┌────────

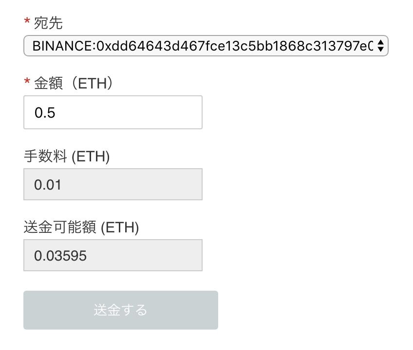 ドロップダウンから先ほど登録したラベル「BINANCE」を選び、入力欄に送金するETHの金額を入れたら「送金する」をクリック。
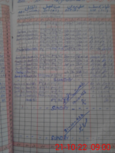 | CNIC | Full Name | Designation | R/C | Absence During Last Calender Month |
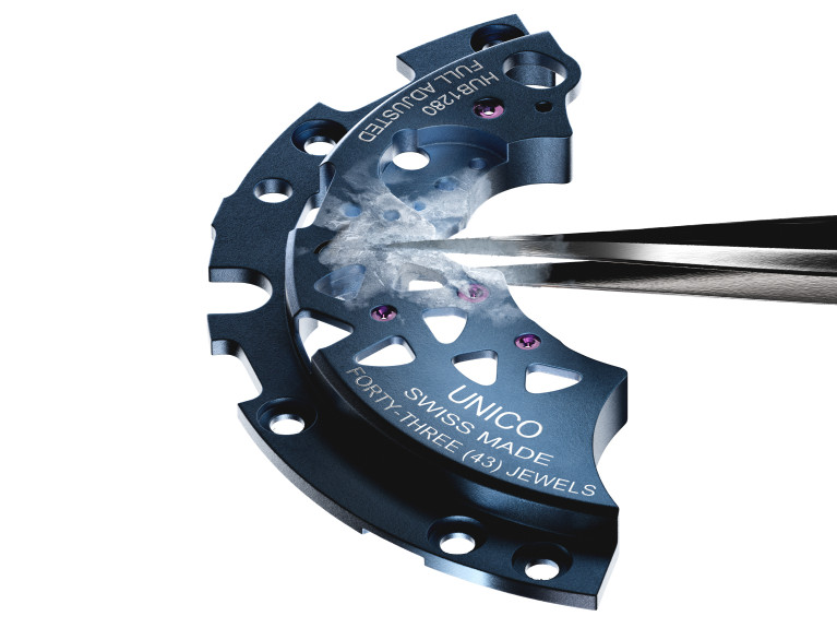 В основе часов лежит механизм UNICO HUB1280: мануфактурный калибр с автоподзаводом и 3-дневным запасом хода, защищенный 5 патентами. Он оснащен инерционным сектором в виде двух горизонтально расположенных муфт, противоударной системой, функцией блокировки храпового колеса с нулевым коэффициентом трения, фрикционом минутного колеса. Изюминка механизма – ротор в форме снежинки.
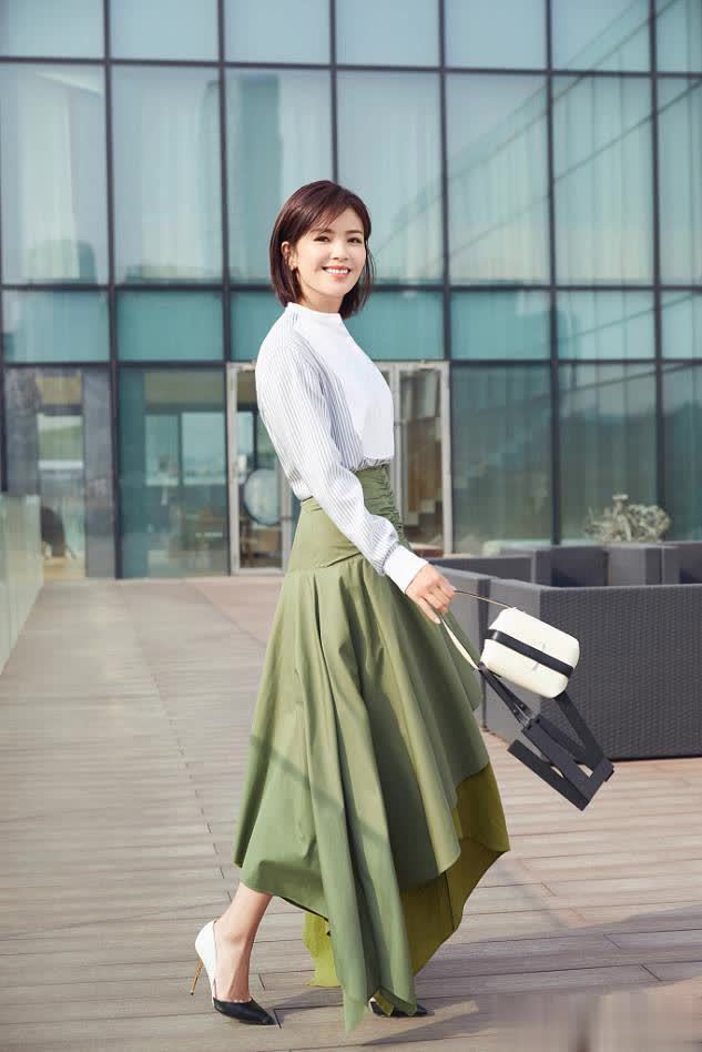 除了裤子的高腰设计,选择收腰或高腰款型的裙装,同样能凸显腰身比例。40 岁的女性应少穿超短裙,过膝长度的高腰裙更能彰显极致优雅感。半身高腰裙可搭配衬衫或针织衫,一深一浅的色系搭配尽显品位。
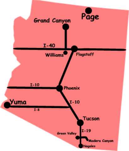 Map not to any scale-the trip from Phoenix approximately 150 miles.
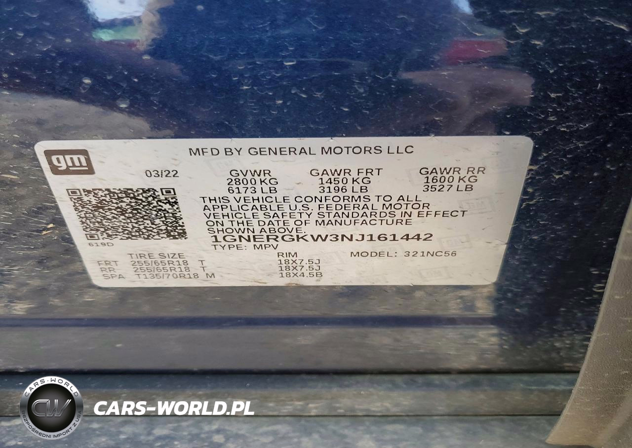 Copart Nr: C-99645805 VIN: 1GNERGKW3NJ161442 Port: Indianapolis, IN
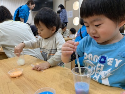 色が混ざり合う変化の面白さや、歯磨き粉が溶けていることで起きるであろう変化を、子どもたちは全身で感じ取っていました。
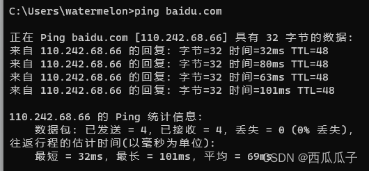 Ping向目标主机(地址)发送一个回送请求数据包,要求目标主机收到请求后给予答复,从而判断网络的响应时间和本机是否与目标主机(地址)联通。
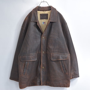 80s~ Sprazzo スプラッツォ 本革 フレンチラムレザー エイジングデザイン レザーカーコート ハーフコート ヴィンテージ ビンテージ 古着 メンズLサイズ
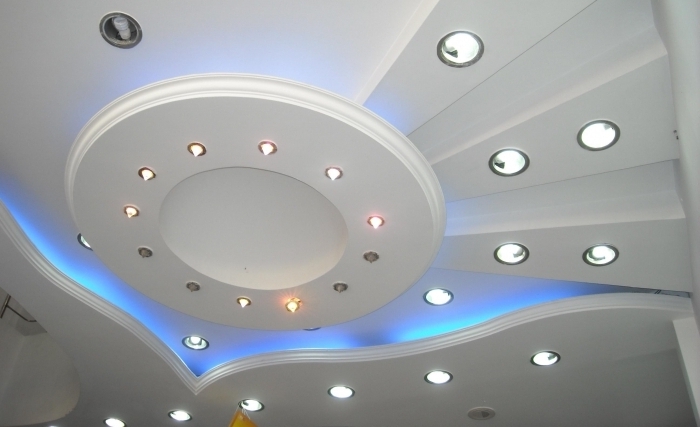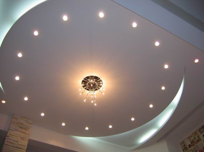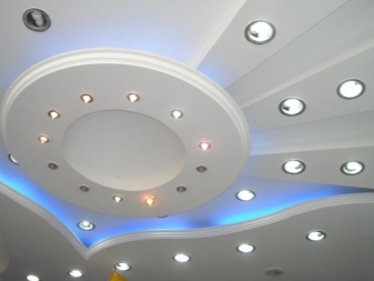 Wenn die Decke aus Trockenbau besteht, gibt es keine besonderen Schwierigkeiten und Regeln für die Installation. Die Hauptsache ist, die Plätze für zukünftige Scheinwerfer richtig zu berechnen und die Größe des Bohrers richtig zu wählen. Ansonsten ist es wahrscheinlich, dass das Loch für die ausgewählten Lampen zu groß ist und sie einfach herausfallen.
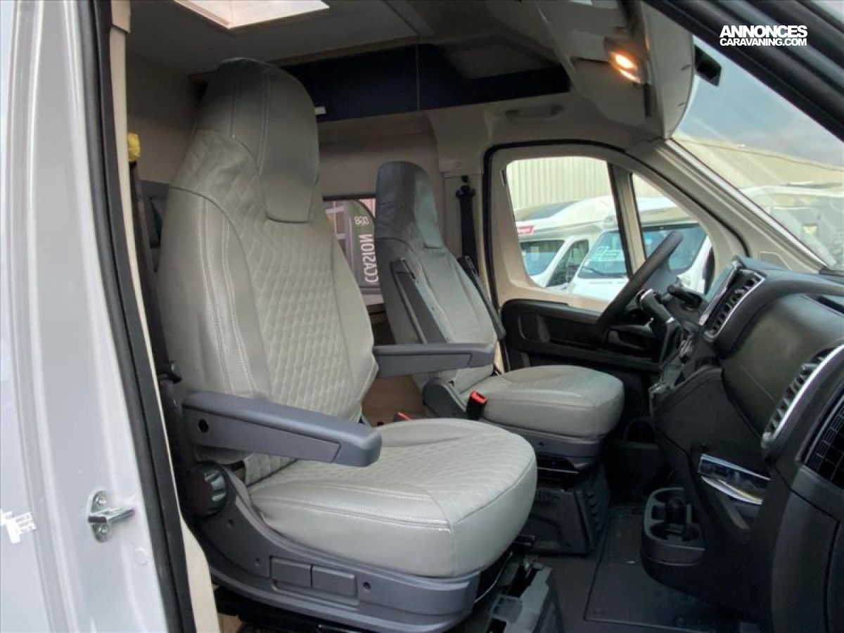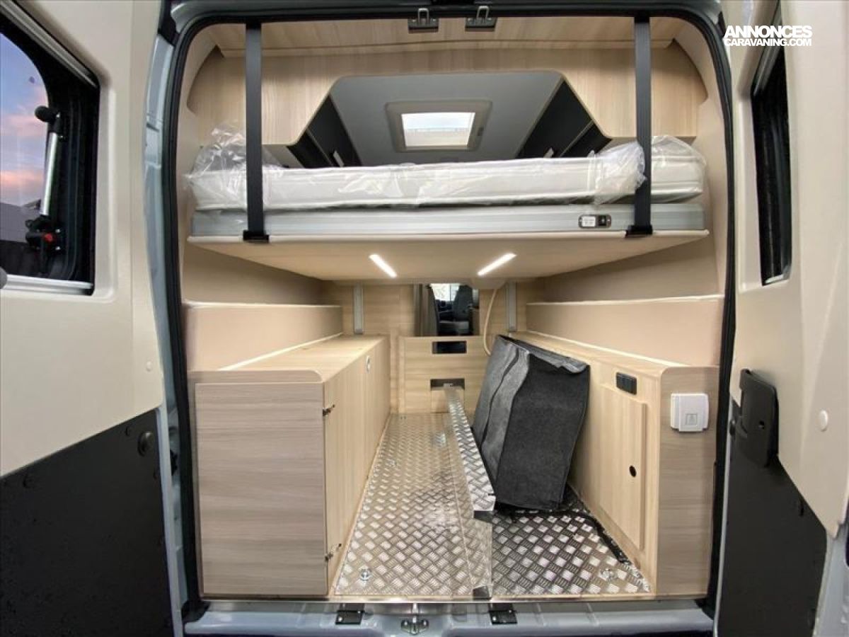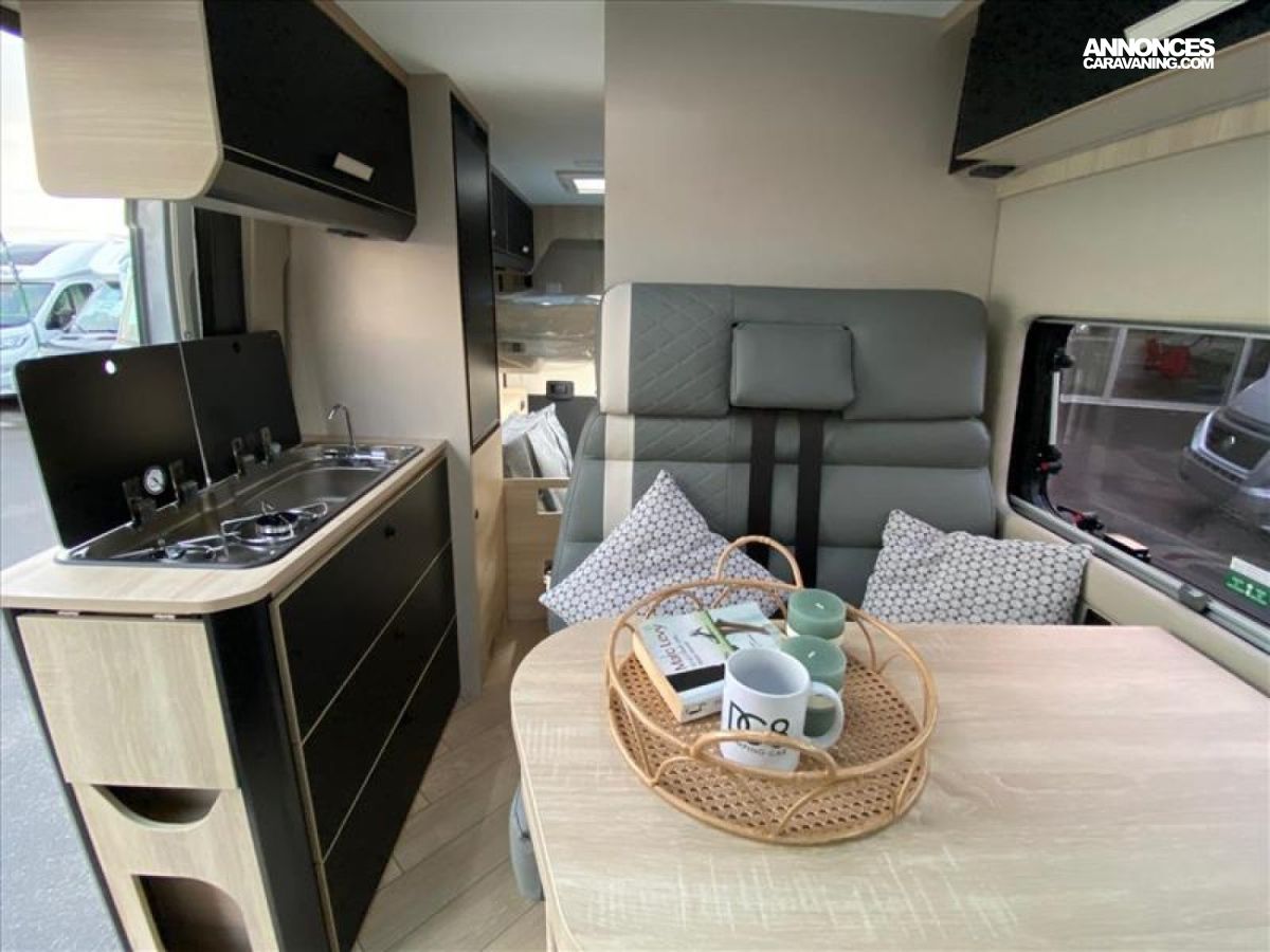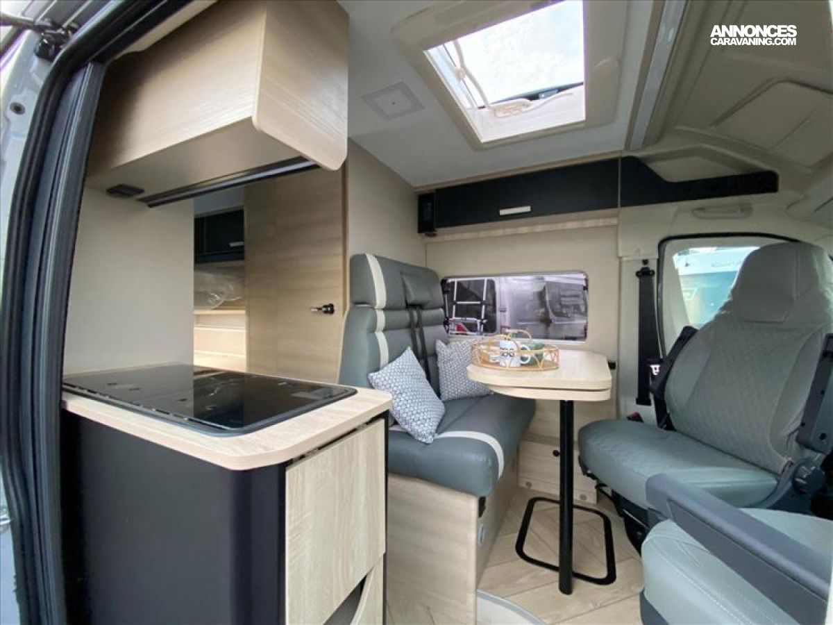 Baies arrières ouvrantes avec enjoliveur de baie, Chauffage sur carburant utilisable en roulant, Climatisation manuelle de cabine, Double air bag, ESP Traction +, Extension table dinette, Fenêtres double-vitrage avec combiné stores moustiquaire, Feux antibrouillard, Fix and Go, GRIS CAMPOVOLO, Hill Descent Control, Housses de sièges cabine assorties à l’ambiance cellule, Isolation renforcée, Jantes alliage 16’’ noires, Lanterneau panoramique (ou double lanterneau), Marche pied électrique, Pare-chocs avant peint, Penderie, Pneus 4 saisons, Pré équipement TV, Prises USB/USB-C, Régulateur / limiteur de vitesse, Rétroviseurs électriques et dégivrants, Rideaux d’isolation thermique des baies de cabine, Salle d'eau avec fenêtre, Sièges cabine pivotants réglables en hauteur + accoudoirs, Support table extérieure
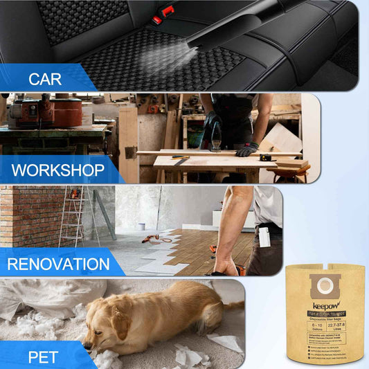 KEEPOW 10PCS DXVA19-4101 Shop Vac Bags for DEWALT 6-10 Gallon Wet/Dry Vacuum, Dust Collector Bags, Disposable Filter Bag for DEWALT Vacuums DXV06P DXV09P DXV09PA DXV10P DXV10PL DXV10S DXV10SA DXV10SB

└────────

To do ::
Provide an exact copy of only the lines from the beginning of the entries through the line containing "Wenn die Decke", both ends included, with no pictures.

Solution for this task ::
 ドロップダウンから先ほど登録したラベル「BINANCE」を選び、入力欄に送金するETHの金額を入れたら「送金する」をクリック。
 | CNIC | Full Name | Designation | R/C | Absence During Last Calender Month |
 В основе часов лежит механизм UNICO HUB1280: мануфактурный калибр с автоподзаводом и 3-дневным запасом хода, защищенный 5 патентами. Он оснащен инерционным сектором в виде двух горизонтально расположенных муфт, противоударной системой, функцией блокировки храпового колеса с нулевым коэффициентом трения, фрикционом минутного колеса. Изюминка механизма – ротор в форме снежинки.
 除了裤子的高腰设计,选择收腰或高腰款型的裙装,同样能凸显腰身比例。40 岁的女性应少穿超短裙,过膝长度的高腰裙更能彰显极致优雅感。半身高腰裙可搭配衬衫或针织衫,一深一浅的色系搭配尽显品位。
 Map not to any scale-the trip from Phoenix approximately 150 miles.
 Copart Nr: C-99645805 VIN: 1GNERGKW3NJ161442 Port: Indianapolis, IN
 色が混ざり合う変化の面白さや、歯磨き粉が溶けていることで起きるであろう変化を、子どもたちは全身で感じ取っていました。
 Ping向目标主机(地址)发送一个回送请求数据包,要求目标主机收到请求后给予答复,从而判断网络的响应时间和本机是否与目标主机(地址)联通。
 80s~ Sprazzo スプラッツォ 本革 フレンチラムレザー エイジングデザイン レザーカーコート ハーフコート ヴィンテージ ビンテージ 古着 メンズLサイズ
 Wenn die Decke aus Trockenbau besteht, gibt es keine besonderen Schwierigkeiten und Regeln für die Installation. Die Hauptsache ist, die Plätze für zukünftige Scheinwerfer richtig zu berechnen und die Größe des Bohrers richtig zu wählen. Ansonsten ist es wahrscheinlich, dass das Loch für die ausgewählten Lampen zu groß ist und sie einfach herausfallen.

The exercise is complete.